Footsteps approached, heavy and deliberate, stopping directly beside his desk. A hand, surprisingly calloused for a scholar, clamped onto his shoulder, then slid to his neck. Elian had no time to brace himself before his head was abruptly tilted upwards, forcing him to meet the piercing gaze of Theron, the boorish but unnervingly perceptive son of a minor northern baron.
Theron’s scarred face, usually set in a scowl, now held a strange, assessing look. “Well, Vane.
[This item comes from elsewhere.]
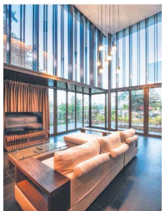
公务员俱乐部新建面海别墅，大大升级俱乐部格调。

建筑游共分成八个行程，每个行程深入体验三个建筑，绝不重复，而每栋建筑都由操刀设计的建筑师亲自讲解。

Look what the Fates dragged back from the sick ward. What in the blazes happened to your face?”
Elian pulled away, forcing a small, dismissive shrug. “A misstep. Nothing more.”
“A misstep?” Theron’s deep voice was laced with disbelief. He clicked his tongue, a low, guttural sound. “The cobblestones must have been particularly unforgiving.” He released Elian’s jaw abruptly, causing Elian’s head to snap back against the chair. Theron gave a crooked, unsettling grin, his eyes distant, as if piecing together a complex puzzle. He said nothing more, merely moved to his own seat behind Elian. Elian didn’t dare look back.
Neither Kaelen nor Lysander were in the lecture hall. A strange absence.
Later that day, Elian learned why. Whispers, light as a spider’s silk, began to weave through the academy halls. He caught snippets, hushed conversations behind cupped hands, curious glances directed his way.
“…Kaelen, you heard? The bastard actually…”
No one directly questioned Elian about his injuries, but the undercurrent of gossip was palpable. A strange, twisted narrative had begun to form in the vacuum of Kaelen’s and Lysander’s absence. Kaelen, they said, had been struck by a sudden, inexplicable madness. His behavior had become erratic, unhinged. He had vanished from the academy shortly after the night of the incident, followed closely by Lysander, who had also ceased attending sessions.
“…that arrogant fool, completely lost his mind over that Vane boy…”
“…obsessed, they say. Like a rabid dog…”
“…the Vane? The Ink-Stained Scholar? Ha! Who would have thought Kaelen of House Valerius would lose his wits over a bookworm?”
The cruel amusement in their voices, the casual dismissal of him as “the Ink-Stained Scholar,” still stung. Yet, a cold, hard knot of relief tightened in Elian’s chest. The rumors, grotesque as they were, were a twisted shield. They painted Kaelen as the deranged aggressor, obsessed and irrational, rather than Elian as the weak, humiliated victim. It was a strange, precarious victory. The humiliation persisted, a dull throb beneath his skin, but the narrative had shifted. And in the merciless arena of Aethelgard, that was everything.